Jones: [Elvis Costello drummer] Pete Thomas moved to Los Angeles and Trey Gunn had got King Crimson commitments so Robert Fripp suggested Nick Beggs, who used to play with Roddy Frame. He's a got a varied background. That's what I like about instruments like the touch guitar. Players who use is usually got to it by thinking differently than using traditional guitar. In fact, the stick is probably more suited to what I'm doing than the touch guitar because it really is a two in one instrument. So (live) I'm playing the basses, Nick is playing the guitar parts, which we will continue to change in the show. People seem to be blown away by the dexterity, since the reception has been tremendous!
Well, you definitely have the surprise element on your side. DGM is a good independent label, but radio airplay for new instrumental albums is difficult.
I do radio interview, and Zeppelin gets a lot of radio airplay, which is still amazing to this day. After the interview is over, I do ask them to see if they would play a track from my album. You have to be realistic: give them a few Zeppelin things and maybe they'll play a few "Zooma" things. Having decided to do this, I wanted to avoid doing any coat tailing. The rhythm section is similar, but the works with John Bonham are similar, it couldn't be more different.

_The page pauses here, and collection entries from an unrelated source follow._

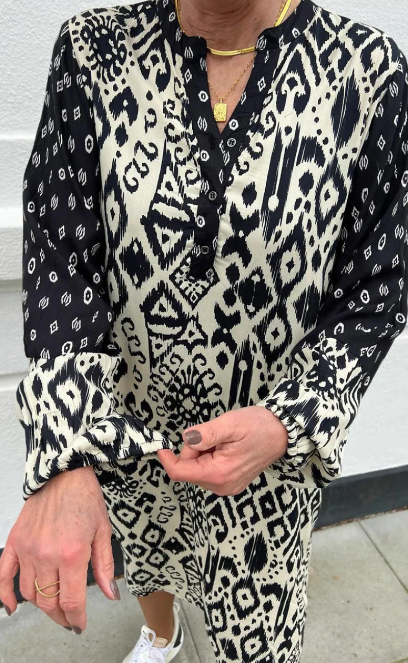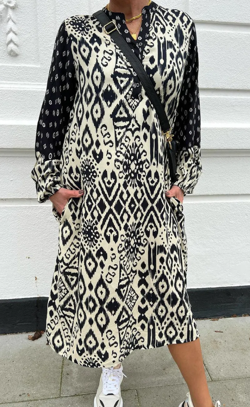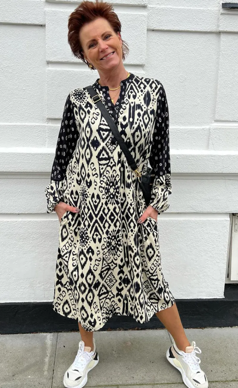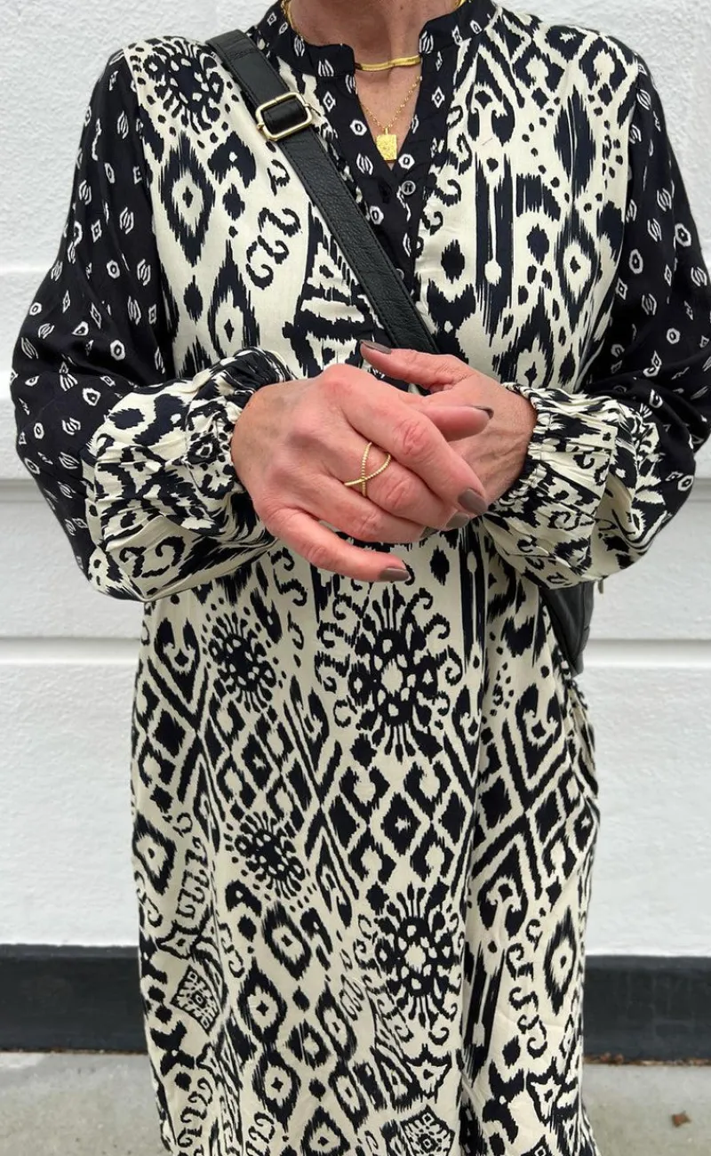 Flot kjole kjole fra INA Copenhagen med print i sort og off-white.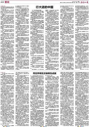 ——这是立场的宣示,也是共识的凝聚。“共同确保中美关系沿着正确航向前行,不偏航、不失速,更不能相撞”“中澳之间从来没有根本利害冲突”“中国不干涉别国内政,也不接受任何人以任何借口干涉中国内政”“和平是中国最执著的追求,中国历史上没有、现在没有、今后也不会谋求霸权”“反对将经济合作政治化、泛安全化”“我们要将发展置于国际议程中心位置”“我们必须以人类前途命运为重,同舟共济,共克时艰”……在大变局的时代,如何探讨国与国正确相处之道、怎样维护国际合作正确方向,国际社会从中国与世界的互动中汲取思想的启迪。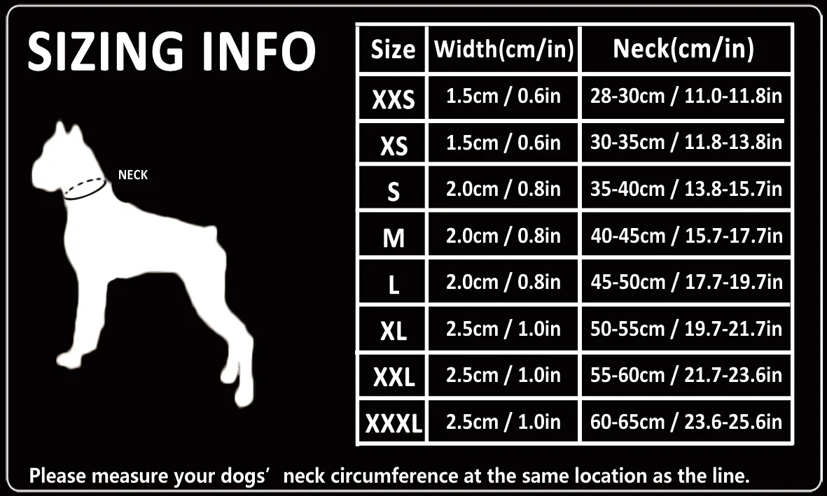- Soft neoprene padded design ensures ultimate comfort and protection for your dog’s neck.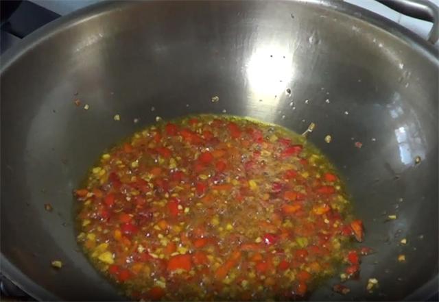 3.然后另起锅,加入少量的油,油热之后下入蒜末爆香,然后加入两勺剁椒炒匀,再加入少量的酱油调味炒匀,最后加入适量的盐。

What's it like to lead your own ensemble?
It's nice for me, with different tours in the past you're not in control as to who is on the road with you to make it as pleasant as possible. It's a nice team now and we're all pulling together. In that respect, it's fantastic since it makes everything that much easier. Part of the plan is to get it right. There has been tons of press and lots of work doing the album, and getting the equipment together. But it all comes together on the stage.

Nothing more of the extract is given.